And that last one wasn't even a whole sentence.

Aren't you glad I'm here?


----------



## Jdvn1 (Sep 6, 2005)

Hey, I'm not concerned about one or two extra posts. It's not like changes my crazy post-per-day rate.  You should sleep earlier, apparently.

And, how familiar are you with phpbb, Matt? It throws some people off, apparently, that you use square brackets ( ie, [] ) to do everything. This is a very useful part of the FAQ.


----------



## Ardonis (Sep 6, 2005)

Well, the Trumpet forums for the LHB use PhPBB, but these are fairly new; they got created this past spring.  The Pyramid Vault, a Warhammer forum based around the Lizardmen, uses PhPBB, and I've been posting there for 2 years.  My WoW guild uses a PhPBB forum, and the Awful forums use a very heavily modified version of VBulletin.

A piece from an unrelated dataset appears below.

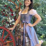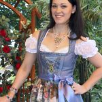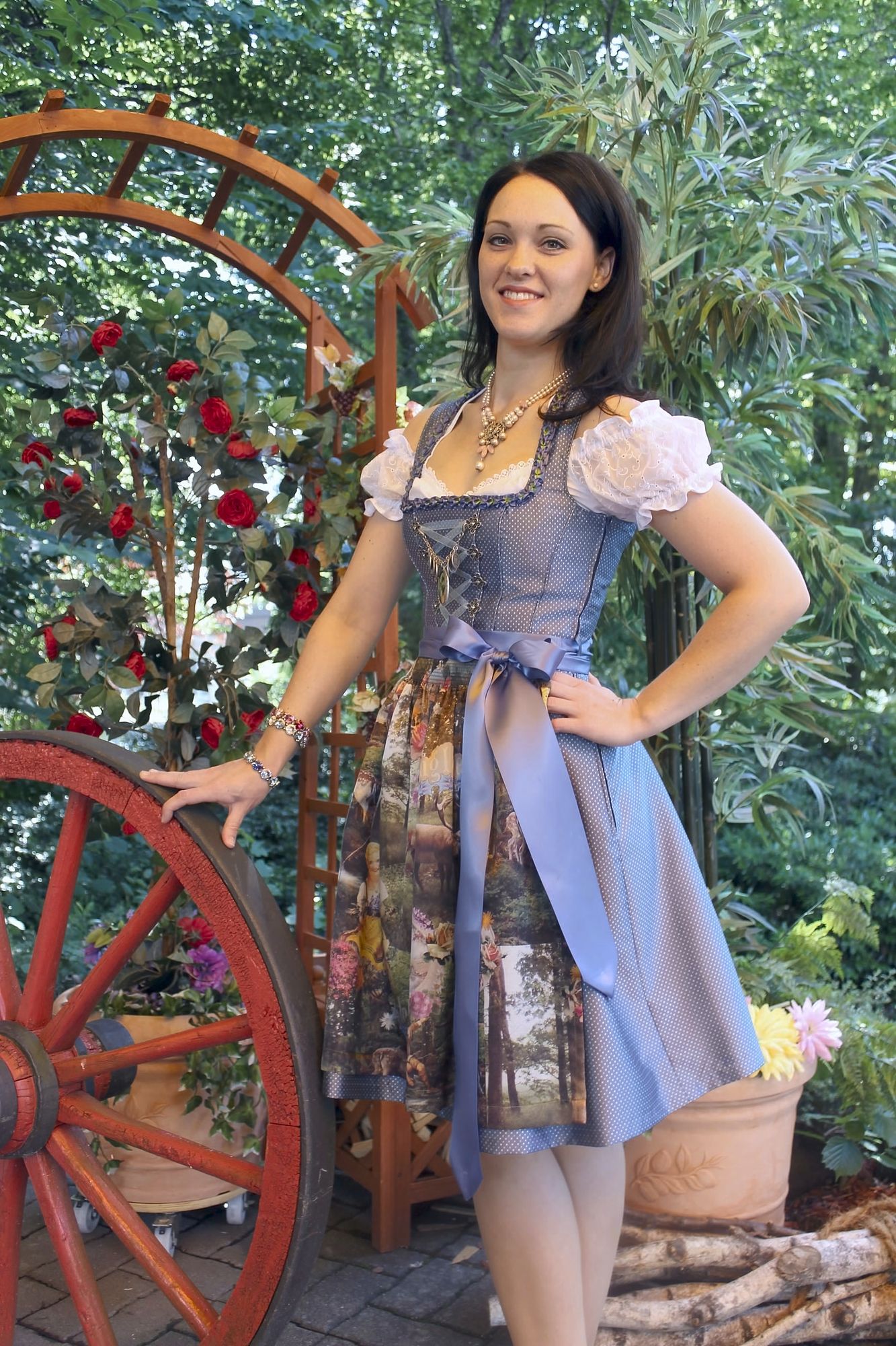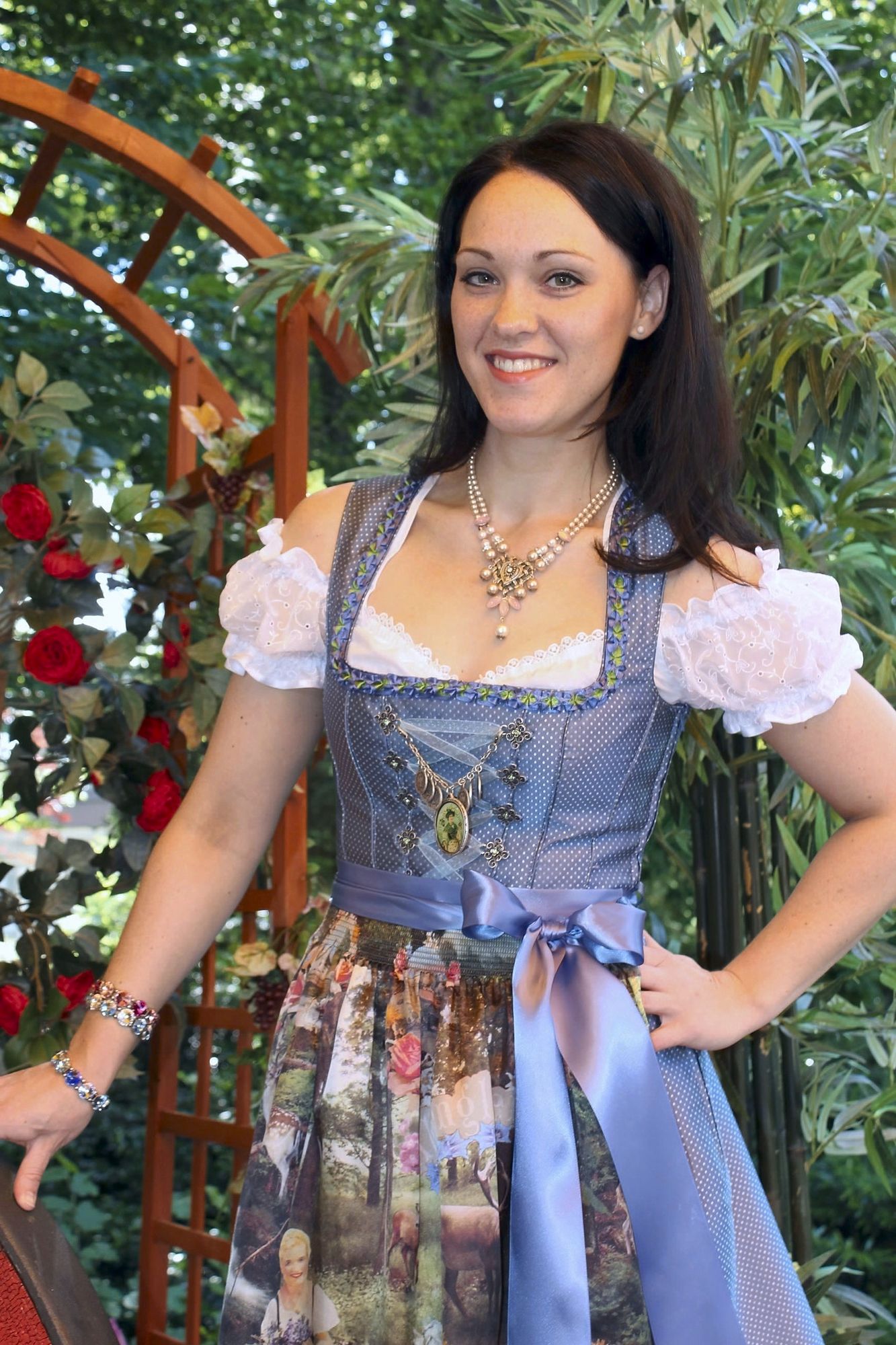 Hier zeigen wir Ihnen ein herrliches Motiv-Dirndl in den zarten Edelfarben blau und lindgrün.

And yes, Sulis, we're very glad you're here.  Not that you will be for too long; after all, you ARE the domina of Solitude.


----------



## Amy Kou'ai (Sep 7, 2005)

This is your GM checking in.  How're you guys?


----------



## Jdvn1 (Sep 7, 2005)

I thought the term was 'HG'. 

I'm doing well. Megan said she'd post in a bit, and then we need to post our characters.


----------



## Ardonis (Sep 7, 2005)

Whew, not looking forward to typing up all that stuff.  Good thing I remembered to bring it to Austin, though.


----------



## Jdvn1 (Sep 7, 2005)

I think the sheet I used for David isn't hard to fill-in, and also it seems pretty easy to read.


----------



## Ardonis (Sep 7, 2005)

Looks good to me.  I still need to eventually figure out a design onesathesedays.


----------



## Jdvn1 (Sep 7, 2005)

... Yeah, that's important.


----------



## Ardonis (Sep 7, 2005)

So I've heard.  Eh, I'll get around to it eventually.  Maybe this weekend.


----------



## ragnarokt (Sep 8, 2005)

...a design?


----------



## Jdvn1 (Sep 8, 2005)

Yeah, you're supposed to have a design consisting of two flowers and a background, each symbolic. One flower symbolic of your estate, the other of your personality, and the background comes from a table in the book, based on your Code.


----------



## Ardonis (Sep 8, 2005)

Ok, so I've got my design done.  It is a cup-shaped, closed, white angelica with heart-shaped leaves, intertwined with a tubelike, open, white aloe with a square stem.  My Estate is epiphany, and its sanctity is my highest bond.  Next to that is the Catholic Church.  Angelica is the flower of inspiration, and represents my Estate.  A white, closed flower is beauty, whereas the petal shape represents beginnings.  So my estate, interpreted florally, is the beginning of a beautiful inspiration.  Aloe is the flower of religion and grief.  A white, open flower represents truth, and the petal shape represents virtue.  My character believes Catholicism to be true, even in the face of the major shift in perspective he's had, but he does somewhat long for the days he had as a human where everything was simpler.  So Aloe seemed appropriate.  Florally, this represents my character's personality as a virtuous, religious person who seeks the truth.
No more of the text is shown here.